BOURGOGNE-FRANCHE-COMTÉ

4,66 €

0,78 €

279

BRETAGNE

3,34 €

0,56 €

307

CENTRE

6,22 €

1,04 €

196

CORSE

2,34 €

0,39 €

7

GRAND-EST

4,03 €

0,67 €

339

HAUTS-DE-FRANCE

3,42 €

0,57 €

559

ÎLE-DE-FRANCE

1,63 €

0,27 €

241

NORMANDIE

5,26 €

0,88 €

418

NOUVELLE-AQUITAINE

7,96 €

1,33 €

861

OCCITANIE

3,09 €

0,51 €

347

PAYS-DE-LOIRE

3,99 €

0,66 €

271

PROVENCE-ALPES-COTE-D'AZUR

2,70 €

0,45 €

237

OUTRE-MER

1,57 €

0,26 €

19

TOTAL

4,03 €

0,67 €

4 901

Ces disparités entre régions, toutefois, ne signifient pas une inégalité de traitement entre les territoires . Tout d'abord, les subventions les plus faibles s'expliquent soit par le dynamisme économique de la région concernée (Ile-de-France), soit par l'existence de dispositifs spécifiques de soutien (Corse et Outre-mer), étant entendu que les subventions du Fisac sont réservées aux projets qui ne bénéficient pas par ailleurs d'un autre financement de l'État.

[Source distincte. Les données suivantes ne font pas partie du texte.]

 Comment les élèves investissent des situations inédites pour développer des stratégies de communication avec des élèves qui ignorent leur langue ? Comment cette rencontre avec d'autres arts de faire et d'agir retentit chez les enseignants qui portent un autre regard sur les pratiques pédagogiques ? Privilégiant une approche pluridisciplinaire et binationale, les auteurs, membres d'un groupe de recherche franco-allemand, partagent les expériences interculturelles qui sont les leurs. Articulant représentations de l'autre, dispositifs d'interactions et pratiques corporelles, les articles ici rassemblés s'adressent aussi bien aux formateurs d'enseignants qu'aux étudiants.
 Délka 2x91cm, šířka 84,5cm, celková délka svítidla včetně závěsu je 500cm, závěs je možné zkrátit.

Ensuite, et surtout, ces disparités s'expliquent tout simplement par la modestie de l'enveloppe financière du Fisac : 14 millions d'euros pour près de 65 millions d'habitants, c'est très peu , alors même que les enjeux de désertification ou de dévitalisation sont répartis sur tout le territoire. Dès lors, les écarts de subventions par habitant apparaissent mécaniquement plus élevés, alors même que les montants absolus demeurent faibles.

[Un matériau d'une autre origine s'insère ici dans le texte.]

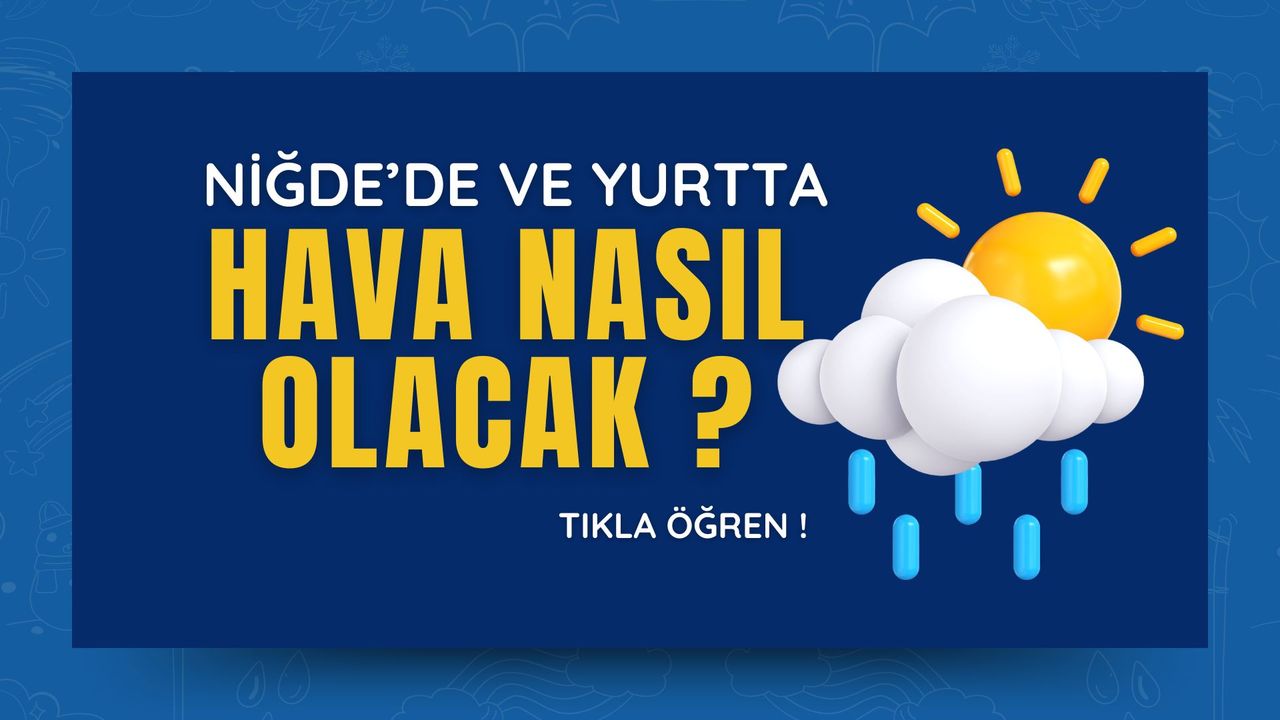 Meteoroloji Genel Müdürlüğünden alınan tahminlere göre, Niğde ve tüm yurtta tahmin edilen hava koşulları şu şekilde olacak..

La lutte contre la désertification des territoires et la dévitalisation des centres ville est donc une politique qui ne se donne pas les moyens de ses ambitions . Dès lors, deux solutions sont envisageables à la place du statu quo :

- soit la réforme du Fisac fait ses preuves , et démontre qu'il est possible de financer des projets pertinents, sans effets d'aubaine et avec des résultats tangibles sur l'aménagement du territoire, et alors il conviendra d'augmenter sensiblement les moyens du fonds - au besoin en mettant fin à d'autres dispositifs moins efficaces ;

- soit la réforme de 2014 ne permet pas d'apporter les bonnes réponses , et alors, plutôt que de conserver un dispositif devenu anecdotique, ses crédits devront être transférés directement à d'autres acteurs, le cas échéant au niveau local, à qui reviendrait l'initiative de financer les projets , ce qui aurait au moins le mérite d'éviter la lourdeur de la double instruction des dossiers.

Pour l'année 2018, vos rapporteurs spéciaux vous proposent un amendement tendant à porter les crédits du Fisac à 30 millions d'euros, afin de redonner à cet outil les moyens de ses ambitions. Une partie de cette enveloppe serait réservée aux aides aux stations-services de proximité , qui ne font plus l'objet d'un dispositif spécifique depuis la suppression du Comité Professionnel de Distribution de Carburants (CPDC) en 2015, alors même que leur nombre diminue chaque année de façon préoccupante, au profit notamment des stations adossées aux grandes et moyennes surfaces. La France, qui comptait 33 000 stations-service traditionnelles en 1985, n'en compte plus que 5 347 aujourd'hui. Quelque 320 stations-service ont fermé en 2016.


* 7 Loi n° 89-1008 du 31 décembre 1989 relative au développement des entreprises commerciales et artisanales et à l'amélioration de leur environnement économique, juridique et social.

* 8 Dans un référé du 31 juillet 2014, la Cour des comptes insistait notamment sur la lourdeur de la « double instruction » des dossiers, au niveau local puis au niveau national, ainsi que sur le saupoudrage et les effets d'aubaine des subventions.

* 9 Dans le cadre de la loi n° 2014-626 18 juin 2014 relative à l'artisanat, au commerce et aux très petites entreprises (loi ACTPE).